My customer has a single gang box (120V) with dual outlet ... but in the remodeling, they want to KEEP 1 outlet (for kitchen counter appliances) but have the other space converted to a dimmer to run an overhead light. All dimmers I find take the entire single gang space. I found a dimmer that runs the outlet, and while I'm sure I could "modify" it to do what I want, it certainly won't be "in code". Anyone seen a single gang outlet like this with 1 outlet (full voltage) and a dimmer to wire in the wall to a light?


----------



## skyhook (Mar 17, 2007)

timgatton said:


> My customer has a single gang box (120V) with dual outlet ... but in the remodeling, they want to KEEP 1 outlet (for kitchen counter appliances) but have the other space converted to a dimmer to run an overhead light. All dimmers I find take the entire single gang space. I found a dimmer that runs the outlet, and while I'm sure I could "modify" it to do what I want, it certainly won't be "in code". Anyone seen a single gang outlet like this with 1 outlet (full voltage) and a dimmer to wire in the wall to a light?

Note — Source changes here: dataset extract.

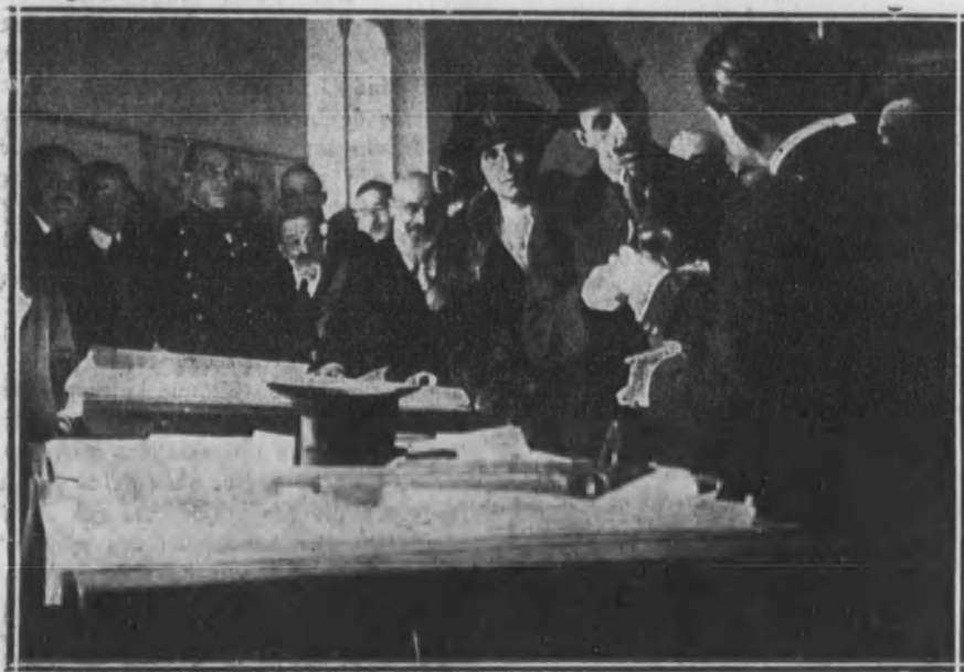
Los Monarcas examinando los planos de maquinaria.

Since you're an electrician, you should already know the answer.
Unless this is your first time in a _dual outlet_ SG box.


----------



## 480sparky (Feb 1, 2009)

timgatton said:


> ....I found a dimmer that runs the outlet, ........



Really? You have? I guess 404.14(E) has been forgotten then.


----------



## skyhook (Mar 17, 2007)

timgatton said:


> I'm sure I could "modify" it to do what I want


How's that working out for you?


----------



## svronthmve (Aug 3, 2008)

I have a feeling this is a Craigslist "contractor" and "customer" who have met each other....

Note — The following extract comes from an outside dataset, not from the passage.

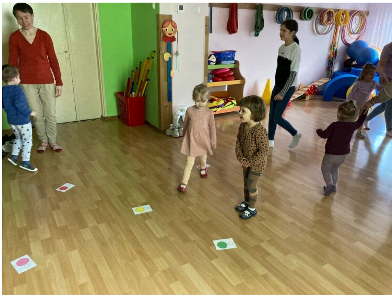
Drugie spotkanie - zabawy ruchowe i sensoplastyka.
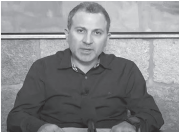
باسيل خلال مؤتمره الصحافي

حرام أن يحرم المنتشرون من زيارة لبنان وختم باسيل «حرام أن يحرم المنتشرون من زيارة لبنان، فبفضلهم ما زال لبنان صامدا، ولولاهم لكانت ازمته اصعب. كانوا يحولون ٧ مليار دولار وما زالوا يحولون هذا المبلغ رغم عدم تقهّم بالنظام المصرفي. وال ٧ مليار دولار اليوم قيمتها أكثر من مرتين أو ثلاثة أو أربعة مرات من قبل. أيها المنتشرون، انتم روحنا وأملنا، وانتم جزء من الشعب اللبناني المناضل والصامد. لكم تسهل كل التضحيات ولا نقبل بأن يحرمكم أحد من صوتكم وحكمكم. شعبنا المنتشر لا يتكافأ، ويجب أن نأخذ لبنان إليه بصندوق الانتخاب، بمنجاته، وبطاقاته لأنه هو نشر لبنان في العالم وحمل رسالته وهو ضمانة مع شعبنا القيم للحفاظ على لبنان الوطن الذي نريده. كنا نحكي عن لبنان ال ١٠٥٢ كلم، مع الانتشار صارت حدودنا العالم، كما كان شعرا في وزارة الخارجية. يا أهلنا، نحن ننتظركم في الصيف وفي كل الأوقات ونفتح كل قلوبنا، وبإن شاء الله لبنان سيرجع ويكون على قدر آمالك».

BTW, what's to keep you from enlarging the opening & making it a 2 gang? :whistling:


----------



## skyhook (Mar 17, 2007)

svronthmve said:


> BTW, what's to keep you from enlarging the opening & making it a 2 gang? :whistling:





> *timgatton >>* I'm sure I could "modify" it to do what I want.


He probably already invented something.


----------



## svronthmve (Aug 3, 2008)

1 post wonder child here???


----------



## overanalyze (Dec 28, 2010)

The elusive two gang remodel box....so hard to find!


----------



## svronthmve (Aug 3, 2008)

Is it that, or the dilemma whether a dimmer and duplex receptacle will both fit in it at the same time?!


----------



## jlsconstruction (Apr 26, 2011)

And I'm just a wood butcher :drink:


----------



## woodchuck2 (Feb 27, 2008)

Why the need for a dimmer? I am guessing this overhead light has an extension cord plugged into the receptacle that you are wanting to control with a dimmer? Or maybe you are trying to fine tune the performance of you toaster?:whistling


----------



## TAHomeRepairs (Jun 18, 2012)

woodchuck2 said:


> Why the need for a dimmer? I am guessing this overhead light has an extension cord plugged into the receptacle that you are wanting to control with a dimmer? Or maybe you are trying to fine tune the performance of you toaster?:whistling


I never even thought of that, my toaster Burns the hell put of my bread, i'm gettin a dimmer. Thanks guys.....


----------



## 480sparky (Feb 1, 2009)

My toaster doesn't work worth crap. Maybe I should wire it up to 240.


----------



## svronthmve (Aug 3, 2008)

You could have a toaster with the speed of a microwave!:thumbup:


----------



## woodchuck2 (Feb 27, 2008)

480sparky said:


> My toaster doesn't work worth crap. Maybe I should wire it up to 240.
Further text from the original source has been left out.